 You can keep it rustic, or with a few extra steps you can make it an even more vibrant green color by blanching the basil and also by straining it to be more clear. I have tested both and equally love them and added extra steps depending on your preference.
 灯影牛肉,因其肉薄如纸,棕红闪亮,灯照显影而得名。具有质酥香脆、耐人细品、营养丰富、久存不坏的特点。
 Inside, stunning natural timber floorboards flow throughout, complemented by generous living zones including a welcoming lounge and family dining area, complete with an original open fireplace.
--
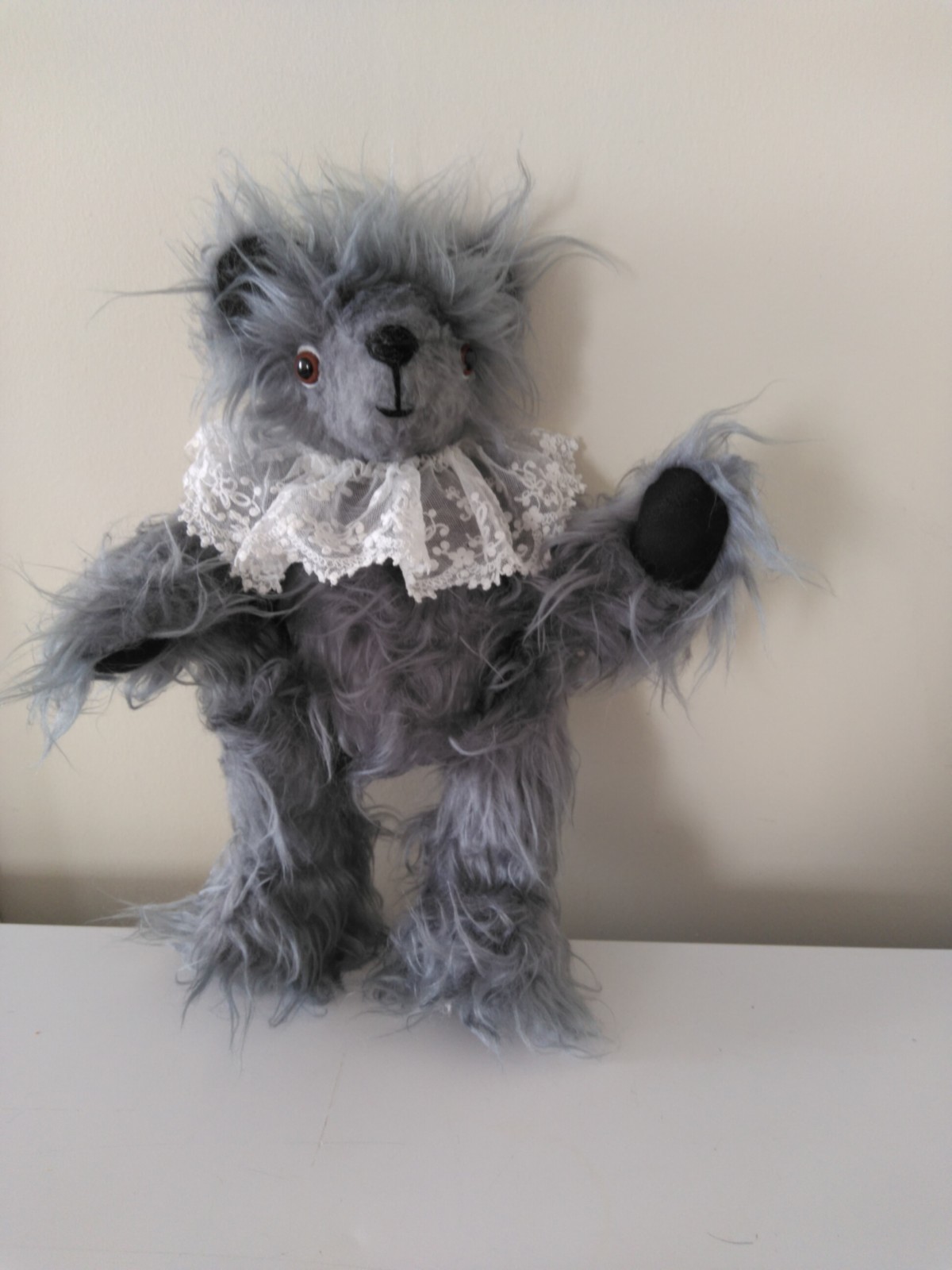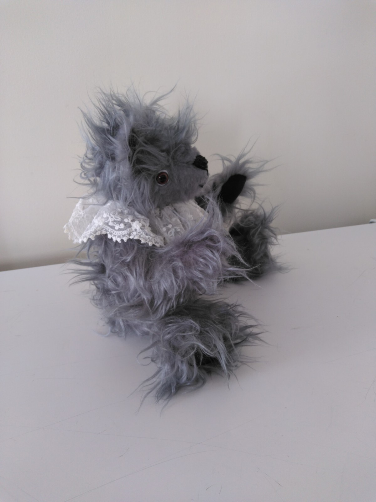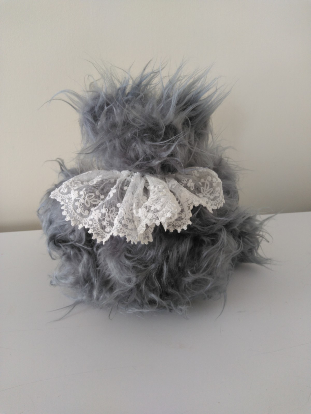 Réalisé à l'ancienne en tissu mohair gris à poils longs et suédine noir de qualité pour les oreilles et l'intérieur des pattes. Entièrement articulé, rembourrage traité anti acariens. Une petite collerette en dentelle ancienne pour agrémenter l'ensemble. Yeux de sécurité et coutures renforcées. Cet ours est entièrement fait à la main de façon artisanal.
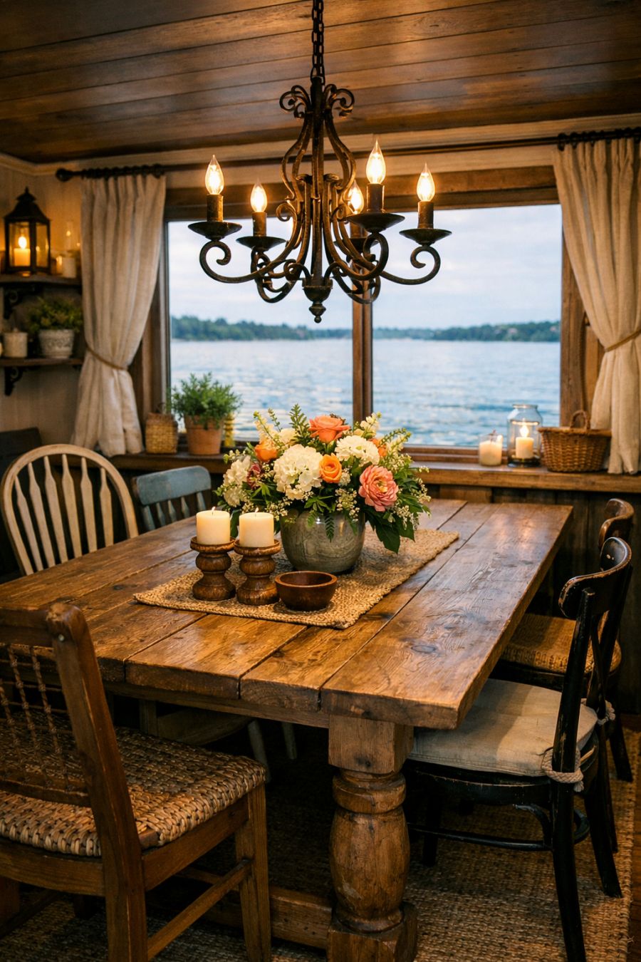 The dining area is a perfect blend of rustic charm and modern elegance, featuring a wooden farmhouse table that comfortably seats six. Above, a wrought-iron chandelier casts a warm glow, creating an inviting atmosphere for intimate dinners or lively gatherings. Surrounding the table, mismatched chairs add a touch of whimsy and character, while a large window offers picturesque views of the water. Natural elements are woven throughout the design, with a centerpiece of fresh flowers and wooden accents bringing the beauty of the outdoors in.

→ What you need to do:
Skipping the pictures, print the lines in the listing above exactly as written, starting at the line with "Réalisé à l'ancienne" and ending at the line with "The dining area", both included.

→ Exercise output:
 Réalisé à l'ancienne en tissu mohair gris à poils longs et suédine noir de qualité pour les oreilles et l'intérieur des pattes. Entièrement articulé, rembourrage traité anti acariens. Une petite collerette en dentelle ancienne pour agrémenter l'ensemble. Yeux de sécurité et coutures renforcées. Cet ours est entièrement fait à la main de façon artisanal.
 The dining area is a perfect blend of rustic charm and modern elegance, featuring a wooden farmhouse table that comfortably seats six. Above, a wrought-iron chandelier casts a warm glow, creating an inviting atmosphere for intimate dinners or lively gatherings. Surrounding the table, mismatched chairs add a touch of whimsy and character, while a large window offers picturesque views of the water. Natural elements are woven throughout the design, with a centerpiece of fresh flowers and wooden accents bringing the beauty of the outdoors in.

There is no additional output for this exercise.